10

Солнце стояло уже высоко, а селяне с лестницами все не могли переправиться через реку Пэпл. Мост снесло. Но сейчас вода отступала, дом накренился, будто застыл перед рекой в чопорном поклоне, вокруг нанесло ила, досок, всякого хлама; западная стена обвалилась, зияли страшные прогалы комнат на обоих этажах; на земле — груда кирпичей и штукатурки.

Никаких признаков жизни в доме не было видно. Из-за реки за домом наблюдал садовник, пришла и кухарка — ее разбирало любопытство. Когда она увидела бегущего к дому цыгана, то решила, что он грабитель и душегуб, и убежала, схоронившись меж лиственницами на склоне. Там же, на задах, приметила она и его повозку. Уже вечером садовник отвел лошадь на постоялый двор в ближнем селении.

Вот и все, что узнали жители Пэплуика, пока не переправились с лестницами через реку. К дому подошли опасливо — не ровен час рухнет, так он накренился фасадом, а заднюю стену точно срезало. С благоговейным страхом взирали на безмолвные ряды книг на полках в настоятельском кабинете, на бабушкину кровать с массивным медным остовом — одной ножкой она, словно ища опоры, повисла над пустотой, на развороченную комнату прислуги на втором этаже. Служанка и кухарка всплакнули. Кто-то из мужчин отважился пролезть через разбитое кухонное окно на первый этаж. Там на полу, среди ила и обломков мебели, он увидел бабушкино тело. Точнее, увидел он лишь ногу в черной мягкой туфле, торчащую из месива, и в ужасе убежал.

По словам садовника, Иветты в доме быть не могло. Он видел, как ее и цыгана поток настиг в саду. Однако полицейский настоятельно попросил осмотреть дом, и братья Фрамли с готовностью бросились связывать две лестницы. Хором покликали Иветту, но без толку. Ответа не дождались.

Подняли лестницу, Боб Фрамли залез наверх, вышиб окно и оказался в комнате тети Цецилии. Ему стало жутко: все-то в этом доме знакомо до мелочей, и вот теперь этот дом мертв. И с минуты на минуту может обрушиться.

Едва поставили лестницу, как из соседнего селения прибежали с известием, что на постоялый двор приходила старая цыганка и сказала, что ее сын видел Иветту на крыше дома. Но полицейский уже залез наверх и высадил окно в комнате Иветты.

Услышав звон стекла, она очнулась от глубокого сна, вздрогнула всем телом, закричала и еще плотнее закуталась в простыню. Полицейский лишь изумленно ахнул.

— Мисс Иветта, это вы?

Повернулся и крикнул стоявшим внизу:

— Мисс Иветта здесь, в постели!

И застыл на лестнице, опасливо уцепившись за подоконник. Был он холост и, как себя держать, не знал.

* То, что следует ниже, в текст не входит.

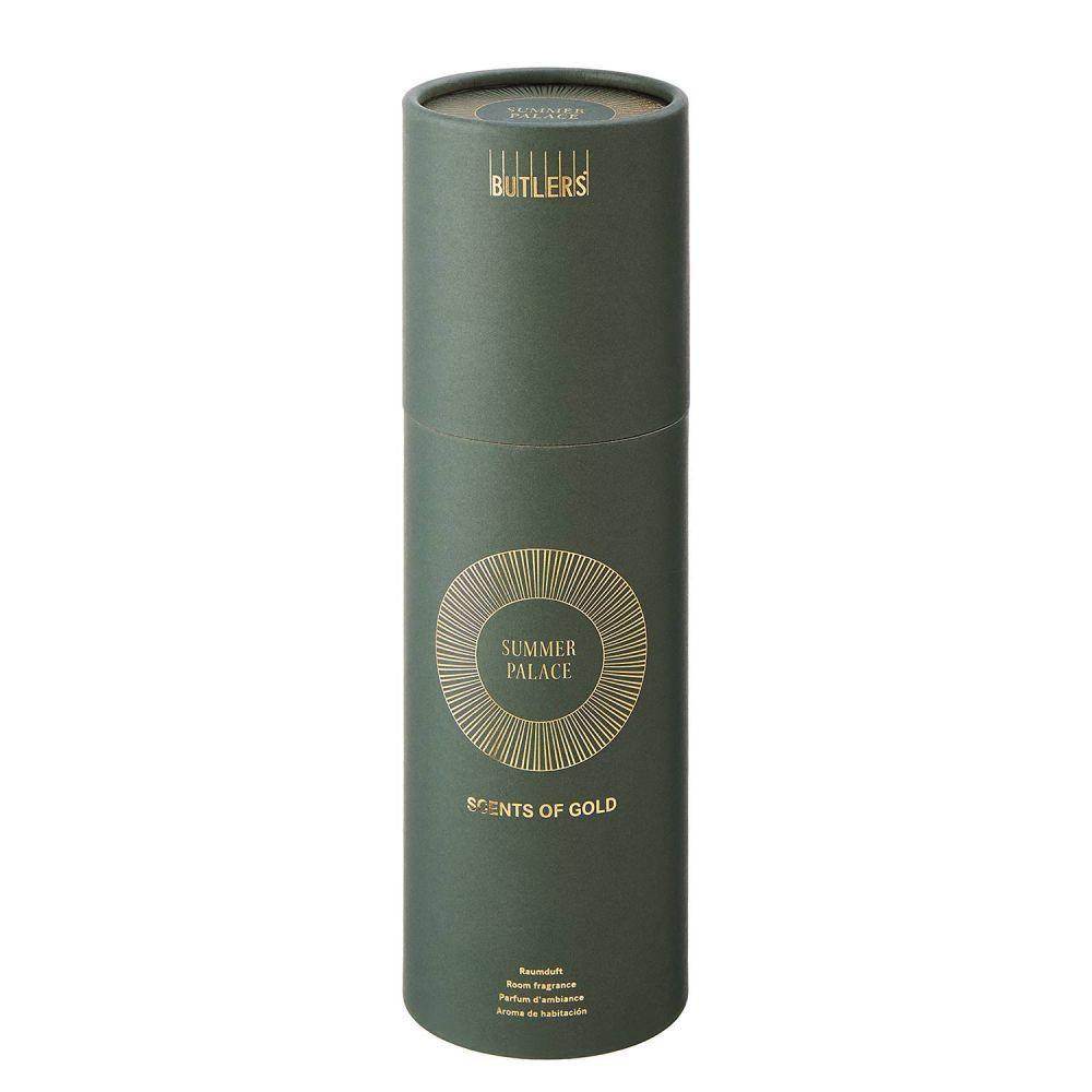 Δώστε στο σπίτι σας το δικό του χαρακτηριστικό άρωμα με το κομψό αρωματικό χώρου SCENTS OF GOLD Summer Palace. Η διακοσμητική γυάλινη φιάλη αποπνέει μια συναρπαστική αρωματική σύνθεση από αισθησιακά λουλούδια, εξωτικά φρούτα και εσπεριδοειδή, που συμπληρώνεται από διακριτικές μοσχομυριστικές νότες. Έτσι, μπορείτε να απολαμβάνετε μια νότα καλοκαιριού όλο το χρόνο στο σπίτι. Διαθέσιμη σε δύο μεγέθη, η σειρά αρωματικών χώρου SCENTS OF GOLD προσφέρει και άλλες αρωματικές εμπειρίες.

Прикрывшись простыней, Иветта села на постели. Волосы у нее растрепались, взгляд безумный — она еще не отошла ото сна.

Убоявшись шаткой лестницы, полицейский перелез через подоконник в комнату.

— Не бойтесь, мисс! — проговорил он. — Не волнуйтесь. Вы в безопасности.

От чего в безопасности? От кого? Со сна ей пришло в голову, что полицейский имеет в виду цыгана. Да, первым делом она подумала о нем. Где-то он, спасший ее от великого потопа человек?

Рядом его нет. Нет! А в комнате полицейский. Что ему надо?

Она потерла ладонью лоб.

— Одевайтесь, мисс, и мы спустим вас на землю. Дом может рухнуть. Я полагаю, в других комнатах никого нет?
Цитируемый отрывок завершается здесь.